Several Form 1 reports were completed assessing the amount of attendant care required for Mr. Haimov. The last Form 1 assessment noted his attendant care needs at $6,337.00. The Occupational Therapist for Mr. Haimov determined that he required 24 hour per day, 7 days per week basic supervisory care assistance to ensure that he is treated immediately if he suffers another focal seizure. Dr. Gillett´s report indicated that Mr. Haimov required 24 hours a day attendant care in addition to the care provided by Baycrest. Dr. Gillett felt that the supervisory care that family members provided is crucial because it is "likely" that Mr. Haimov will suffer another seizure.

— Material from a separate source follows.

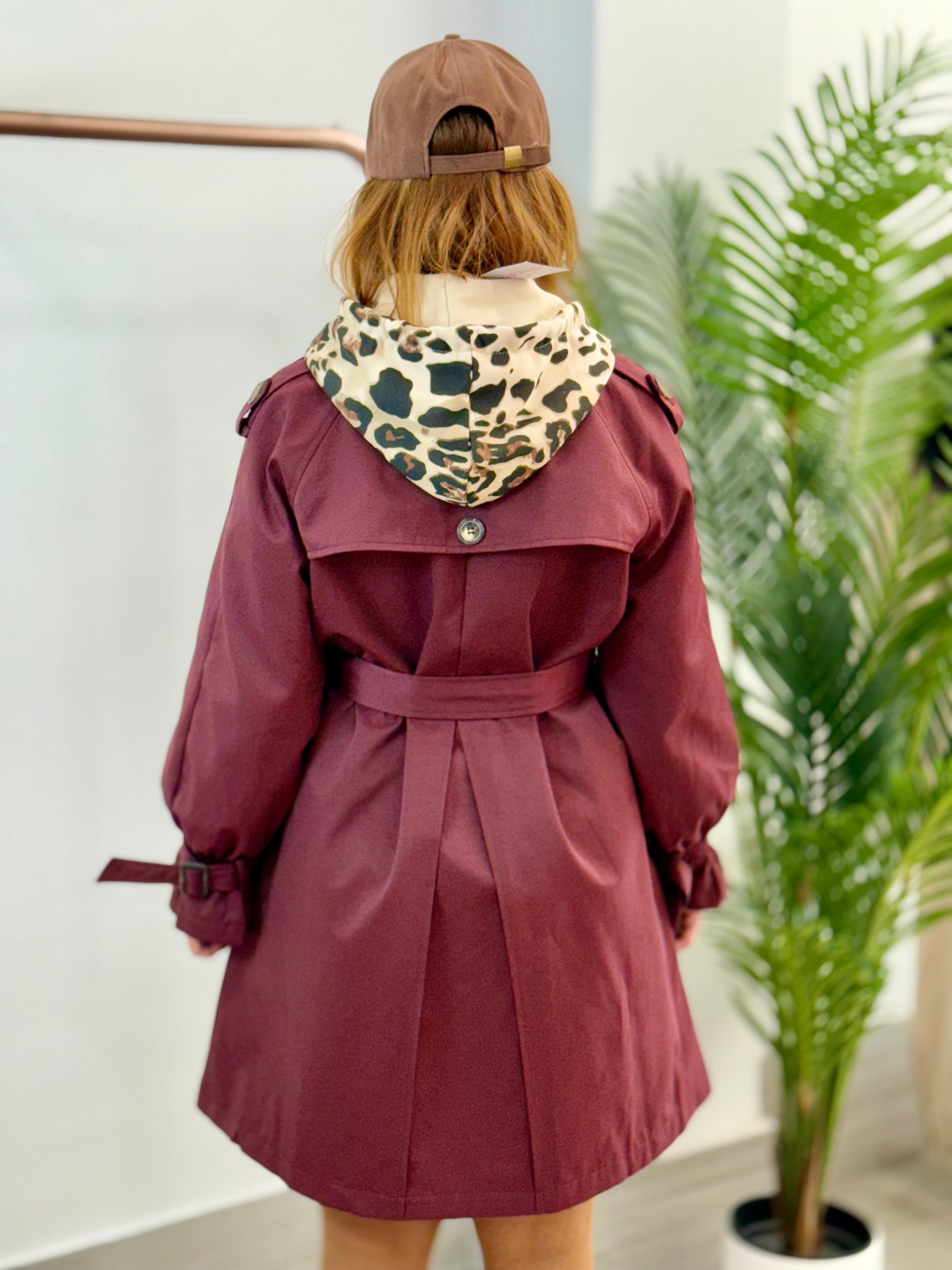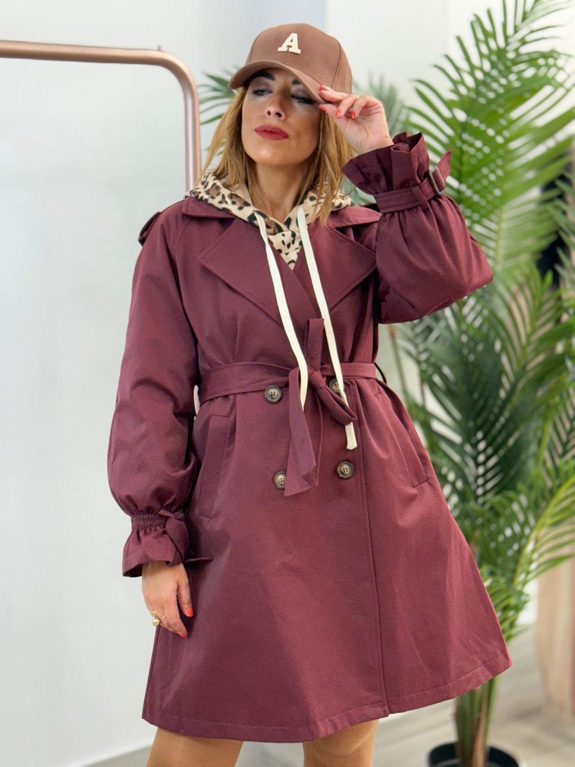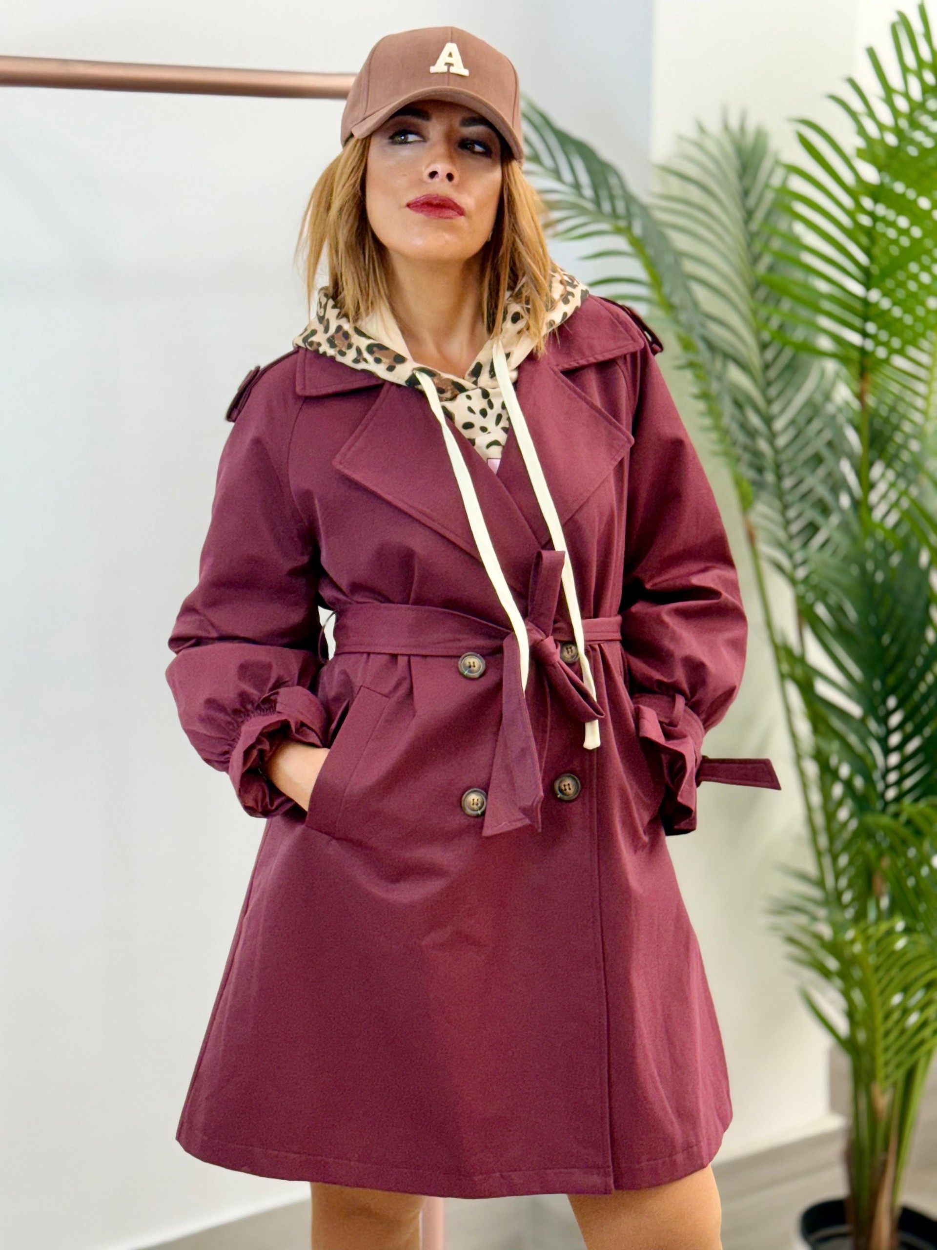 Trench abullonada granate. Lleva solapas con Doble botonadura y manga abullonada. Forro interior y tejido satinado

The Occupational Therapist retained by ING assessed Mr. Haimov´s attendant care needs at $154.63 per month which consisted of exercise. The OT determined that given Mr. Haimov is in a specialized unit, and under the direct care and supervision of a nurse, no additional attendant care was required for activities which fall under the responsibilities of nursing.
In providing her decision, the arbitrator noted a number of deficiencies in the Attendant Care assessment completed by ING´s Occupational Therapist. Among a number of items, there was no time allotted for a number of activities performed by Mr. Haimov´s family including washing, putting on splints, massaging hands and monitoring feeding tubes. There was also nothing alloted with respect to Mr. Haimov´s inability to respond to emergency.
The arbitrator concluded that there is a "substantial likelihood" of danger to Mr. Haimov´s life and health caused by inadequate attendant care because someone is not with him 24 hours a day. The attendant care that Mr. Haimov was receiving from his family helped ensure his safety and maintain his health by ensuring his ongoing comfort and quality of life. The evidence established a need, necessity and urgency for 24 hour a day attendant care. In addition, because it was "likely" that Mr. Haimov would suffer another seizure, there is a realistic potential that if 24 hour a day attendant care is not provided then Mr. Haimov will suffer irreparable harm. The arbitrator decided that attendant care benefits would be paid at the maximum rate.
The arbitrator accepted the evidence of Dr. Gillett, neurologist, who assessed Mr. Haimov. Dr. Gillett specialized in the treatment of persons with acquired brain injury and reviewed Mr. Haimov´s medical records, both before and after the accident and opined that Mr. Haimov was at risk of another seizure. The arbitrator also found the witnesses, including the family members, to be credible witnesses whose testimony did not display exaggeration and was not shaken upon cross-examination.
It was noted that attendant care is not a service provided by a nurse and is not an insured service under the Health Insurance Act, through the hospital or through OHIP.
The insurer took a position that any co-payments to the chronic care facilities were deductible from any attendant care benefits. However, it was noted that according to the Ministry of Health for Long Term Care a co-payment is the patient´s contribution towards accommodations and meals. The arbitrator noted that a Form 1 does not provide for assessment of any "accommodation and meal" expense as an attendant care expense. Therefore it was determined that a co-payment falls under medical benefit rather than an attendant care benefit.